Вот уже несколько ночей подряд она является ко мне — и это прекрасно. И сегодня я сижу у окна и жду ее. Уже сумерки. Медленно, печально мертвеют поля. Вот лиловый отблеск в последний раз протрепетал на далеком облачке и погас, как последний прощальный взгляд того, кто страстно любил землю и уходит от нее навсегда.

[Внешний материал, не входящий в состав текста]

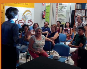
Taller sobre violencia de Género
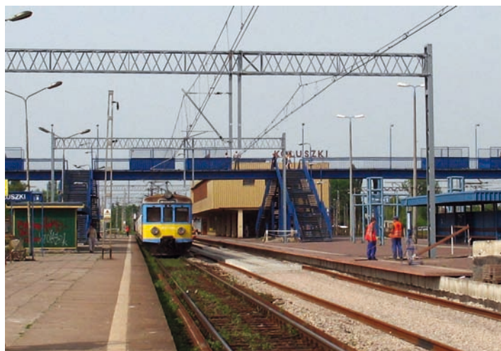
Fot. 1. Dotychczasowe przejście dla pieszych
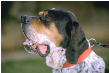
Típica distribución de las manchas "fuego" en un ejemplar tricolor

Ni en la antigüedad, ni en la cría moderna del pachón navarro, los colores han marcado los programas de selección. Los criadores anteponen siempre las facultades y aptitudes cinéticas a la preferencia de capas. Los pelos más característicos son blanco y anaranjado, blanco y castaño, blanco y negro; donde las manchas y motas -más o menos intensas- alternan sobre el fondo claro. También son admitidos, en esas capas, ejemplares monocolors de contrastada tipicidad. Algunos individuos son corbatos, acollarados y calzados. Son frecuentes los ejemplares tricolores con lavaciones o manchas enceradas "fuego", sobre las cejas ("cuatro ojos"), en las carrilladas, cara interna de las orejas y en perineo. En ejemplares castaños o negros se dan en ocasiones manchas "atizonadas", con pigmentación de desigual intensidad.
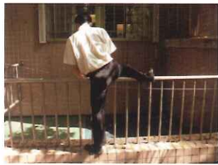
●職教大樓地下室採光天井-改善前/改善後
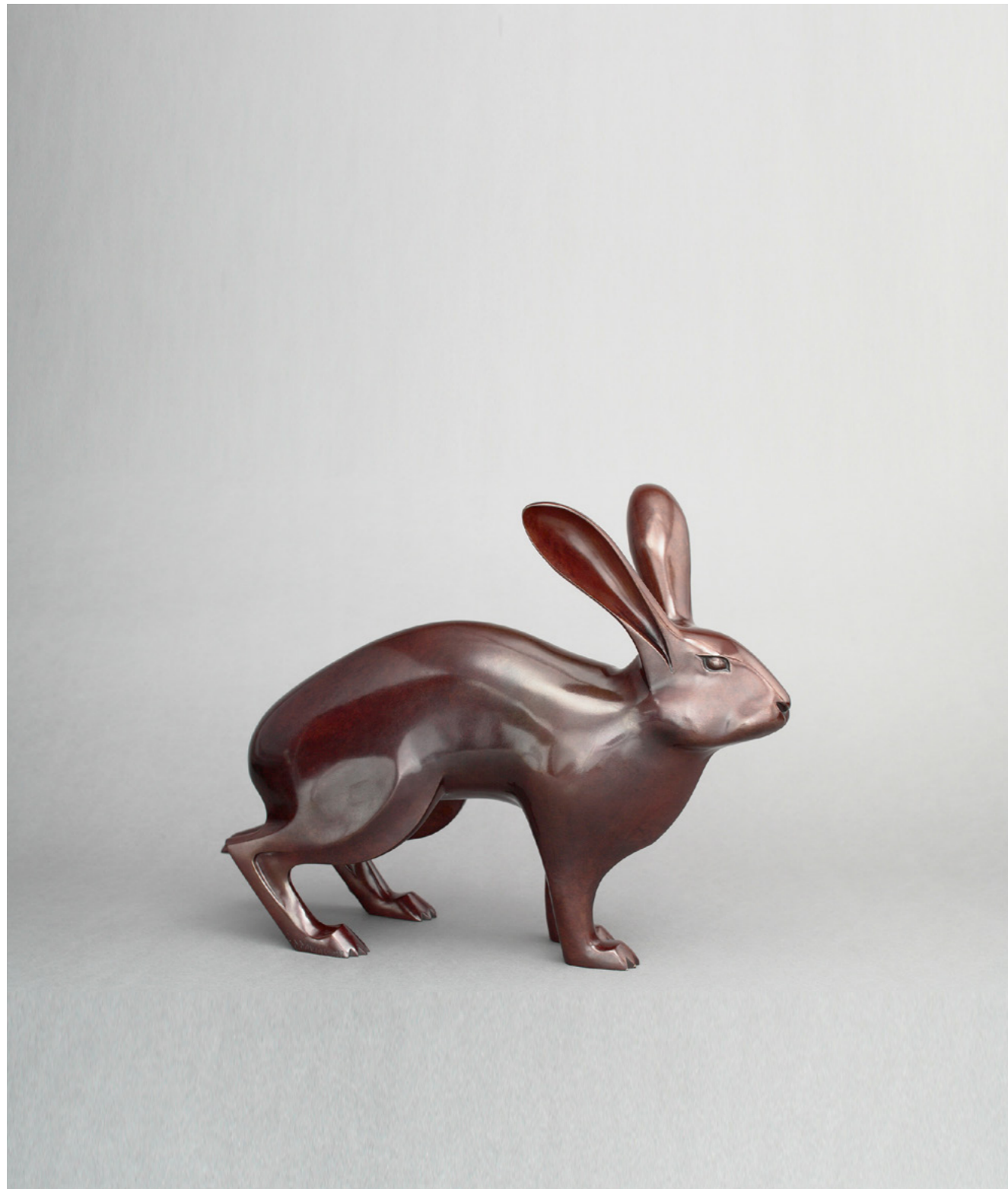
Lièvre de Belgique Belgian Hare 比利时野兔
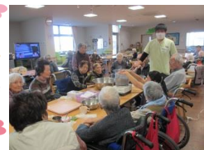
細かくなったこんに ゃく芋です
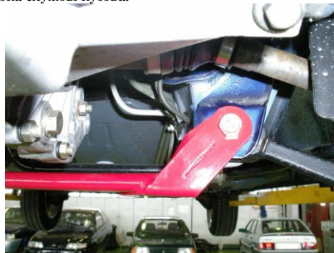
На распорке выбито клеймо AUTOPRODUCT .
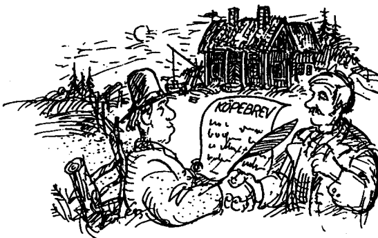
(Släktforska, Steg för steg)
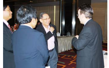
บรรยากาศภายในงานสัมมนาวิชาการ
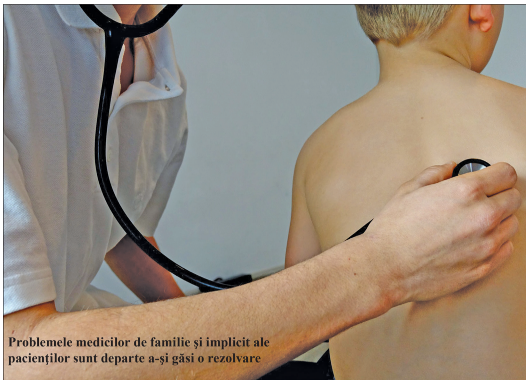
Problemele medicilor de familie și implicit ale pacienților sunt departe a-și găsi o rezolvare

De asemenea, s-a luat în discuție o serie de prevederi de debirocratizare a activității furnizorilor de servicii medicale și de creștere a accesului asiguraților la medicamente și servicii paraclinice finanțate de CNAS. „Se renunță complet la documentele pe hârtie în cadrul procesului de
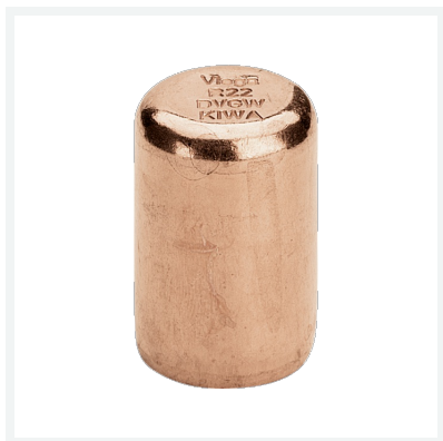
Profipress-Stopfen - Einsteckende Modell 2457
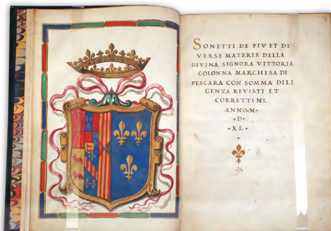
Виттория Колонна. Сонеты. Издание 1540 г.

Она собралась уйти в монастырь, но её отговорил папа Климент VII, разрешив жить в монастыре без пострига. Отныне она — светская монахиня.
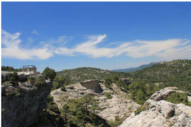
Mirador del Nacimiento
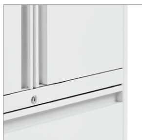
Détails des poignées et devants
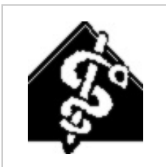
Logo-VPL.png 73 × 83; 1 KB
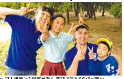
外国人講師との距離が近く、英語で伝える自信が育つ。

安心して遊び・学べる“第二のおうち”として多彩なプログラムを用意した学童(千里中央校)が2020年4月に開講!資格が取得できる習字・そろばん、レベル別英会話、英検®対策、ロボットプログラミング、アートなどを通して、やる気や探求心などの21世紀型スキルと言われる「非認知能力」が育まれる。ディスカッションやグループワークもあり、世界で活かせる本物のコミュニケーション能力を伸ばしてくれる。宿題サポート、休養室完備、バス送迎もあり。12/25(水)～27(金)までウィンタースクールを開催するので、詳しくはHPへ。
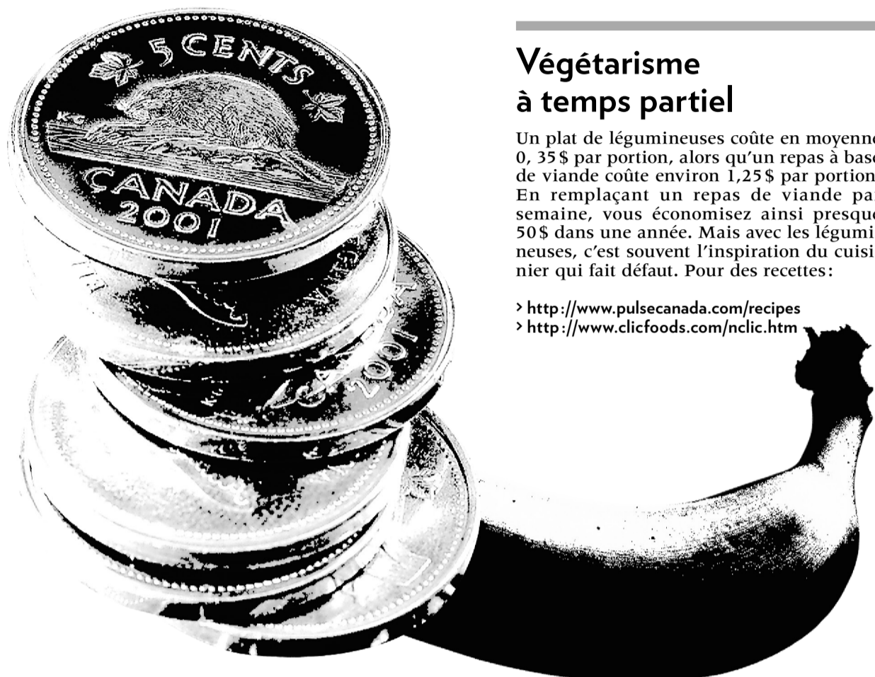
GRAPHISME ET ILLUSTRATIONS JACQUES-OLIVIER BRAS, LA PRESSE

20 Évitez les plats prêt à manger, les fruits et légumes déjà coupés en barquettes de plastique ou le fromage déjà râpé. On vous fait payer le gros prix pour des étapes de transformation qui ne prennent que quelques minutes.
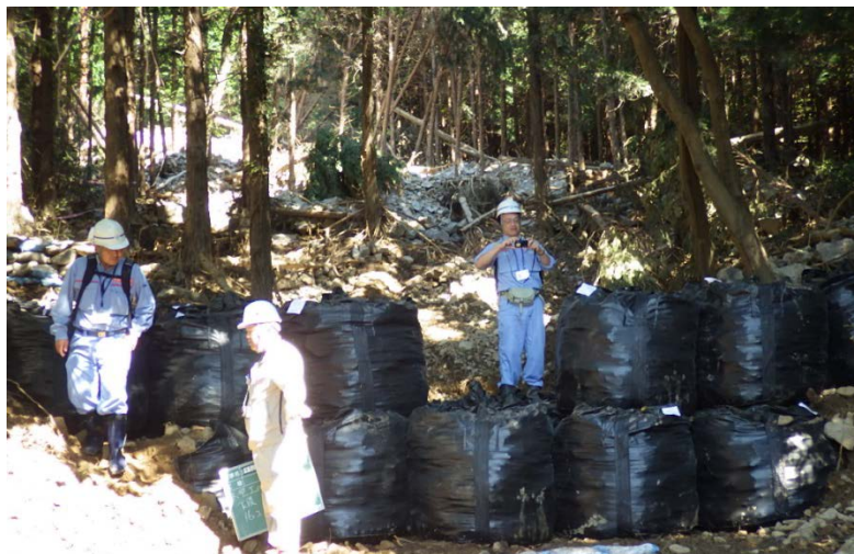
大型土のう設置作業指示

第3陣は午前中に大型土のう設置の施工監督を行いました。第4陣として派遣されたTEC-FORCE隊員は本日午後に中国地方整備局に到着し、その後第3陣と第4陣で現地確認を実施しました。
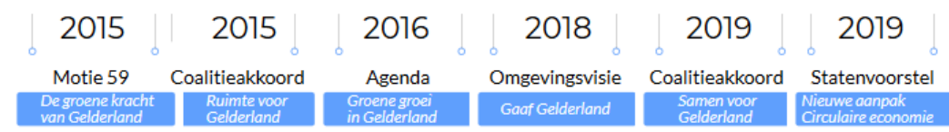
Figuur 3: Ontwikkeling beleid provincie Gelderland

PS namen in 2015 motie 59 “De groene kracht van Gelderland; een voorbeeldige overheid” aan. Daarin roepen GS op een ambitieuzere invulling te geven aan de voorbeeldrol van de provincie ten aanzien energie en duurzaamheid. In het coalitieprogramma 2015-2019 “Ruimte voor Gelderland” wordt circulaire economie als verbindend thema tussen landbouw, industrie, watermanagement en milieu genoemd.
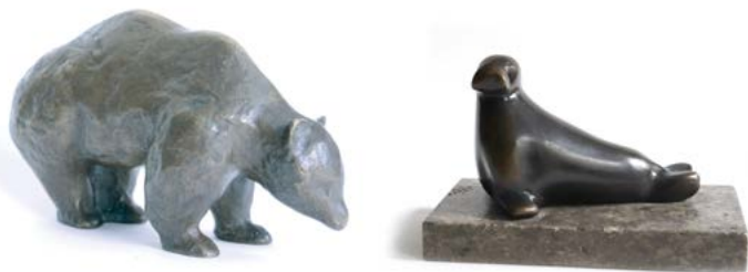
Abb.: Tierskulpturen zum Ausleihen gibt es in der Artothek.
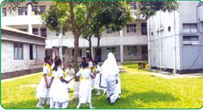
সাভার ক্যান্টনমেন্ট পাবলিক স্কুল এন্ড কলেজে হলদে পাখিদের দীক্ষা দান
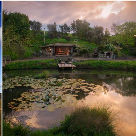
Wie im Auenland..., Neuseeland

Пепельные сумерки плотным саваном окутали землю, и заплакали осины. Бледно-синий месяц вышел из-за облаков и, словно слепой, тихо, осторожно шел по небу. Остановился зловещим кругом. Прямой и спокойный луч пронизал тьму. Таинственный, прилетел он из неведомого мира, протянувшись через холодные межпланетные пространства. Чуть заметно замерзало на полу моей комнаты ясное пятно.
И вот привычным движением дрогнуло-отозвалось сердце. Тише, близок миг! Приходи же, приходи скорее! Я жду тебя! Оранжевые тени мелькают в луче, и тонкие пурпуровые нити тянутся от них в бесконечность. Близко-близко! Колотится и стонет в груди сердце…
Тонко плачет где-то певучая струна, и вот струятся передо мною серебром складки длинной одежды.
— Здравствуй! — поет все внутри меня и спрашивает ее без слов. — Отчего же так долго? Что задержало тебя там, около звезд?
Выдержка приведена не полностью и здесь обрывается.